The Swiss Agency for Therapeutic Products (Swissmedic) has approved Nexavar (sorafenib) tablets for the treatment of patients with advanced renal cell carcinoma (RCC), or kidney cancer, after nepherectomy and prior palliative or adjuvant therapy with cytokines (IL-2, IFN), Bayer Pharmaceuticals Corporation and Onyx Pharmaceuticals, Inc. announced here. Nexavar, which has been shown to double progression-free survival in patients with advanced RCC, will be marketed by Bayer in Switzerland.
"The approval of Nexavar in Switzerland marks an important step in the brand's entry into Europe. We are pleased with the decision by Swissmedic, and proud that we can now make this therapy available to physicians and patients in this region," said Dr. Gunnar Riemann, Head of Bayer HealthCare's Pharmaceuticals Division.
Nexavar was approved by the US FDA in December 2005. In September 2005, Bayer filed for regulatory approval with the European Medicines Agency (EMEA). Pending a favourable review, market availability is possible in the EU countries in the second half of 2006. In addition, Bayer has completed filings in several countries, including Mexico, Australia, Brazil, Canada, and Turkey, says the release.
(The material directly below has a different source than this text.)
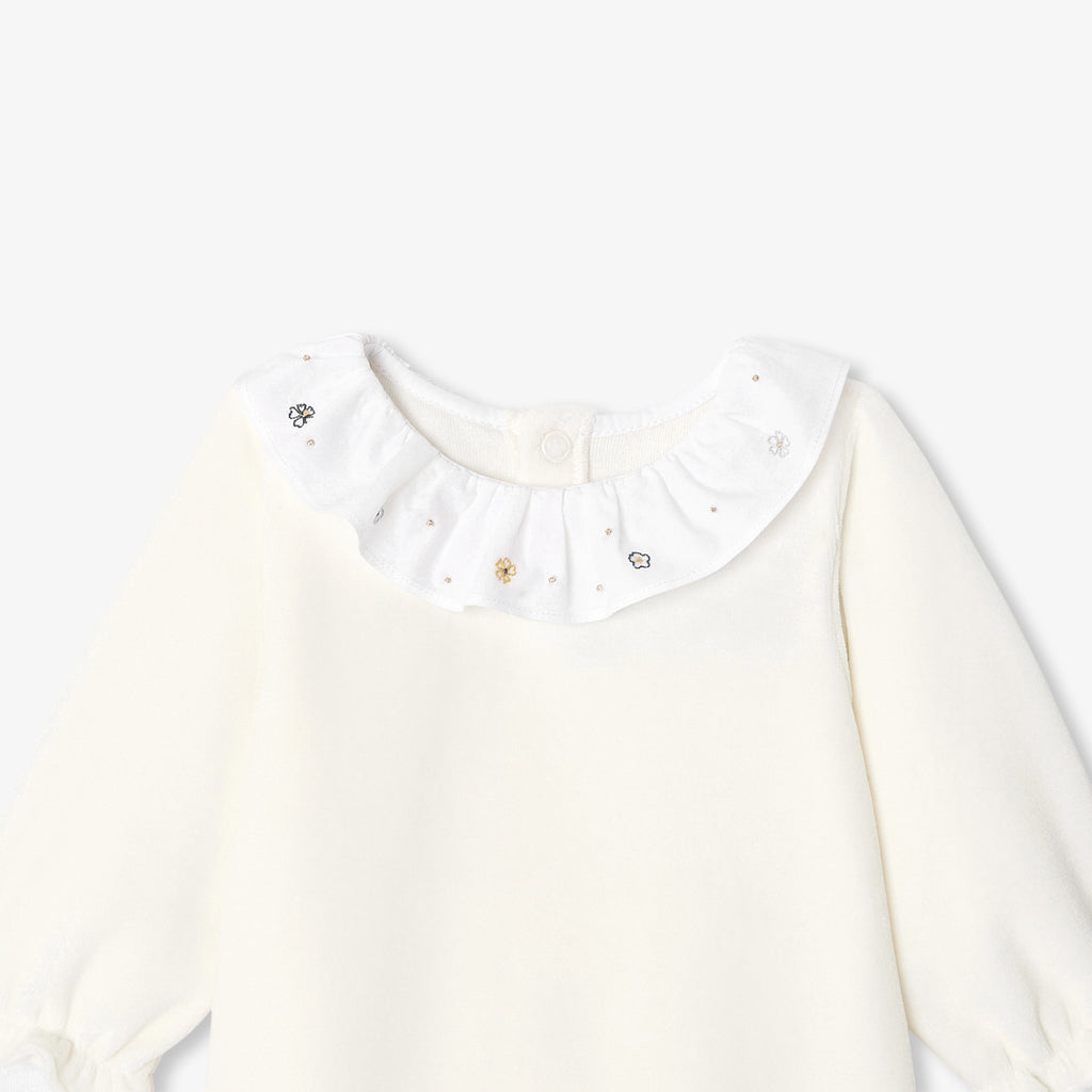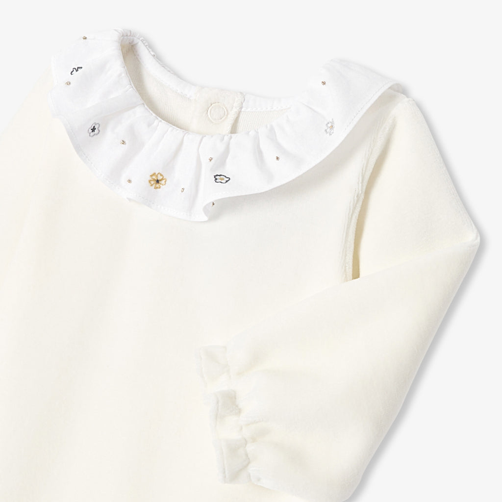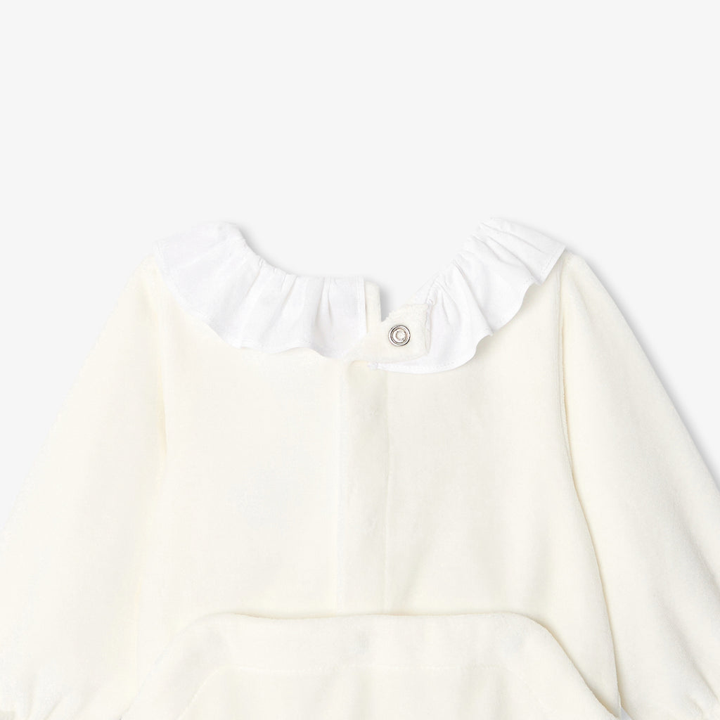 夢の世界へと赤ちゃんを誘う、シックでスリムな足つきロンパース・パジャマ。柔らかでしなやかなベロア調生地を使用した一着で、手刺しゅう入りのポプリン襟がポイントに。背面で開閉でき、着脱も簡単です。

Nexavar is being co-developed by Bayer and Onyx. The co-development collaboration calls for Onyx to fund 50 percent of the development and marketing costs for Nexavar worldwide, except in Japan. In return, Onyx has a 50/50 profit share in the United States, where the companies co-promote the product. In all other countries (except Japan) Bayer has exclusive marketing rights and Onyx's profit share is slightly less than 50 percent. In Japan, Bayer will fund product development and Onyx will receive a royalty.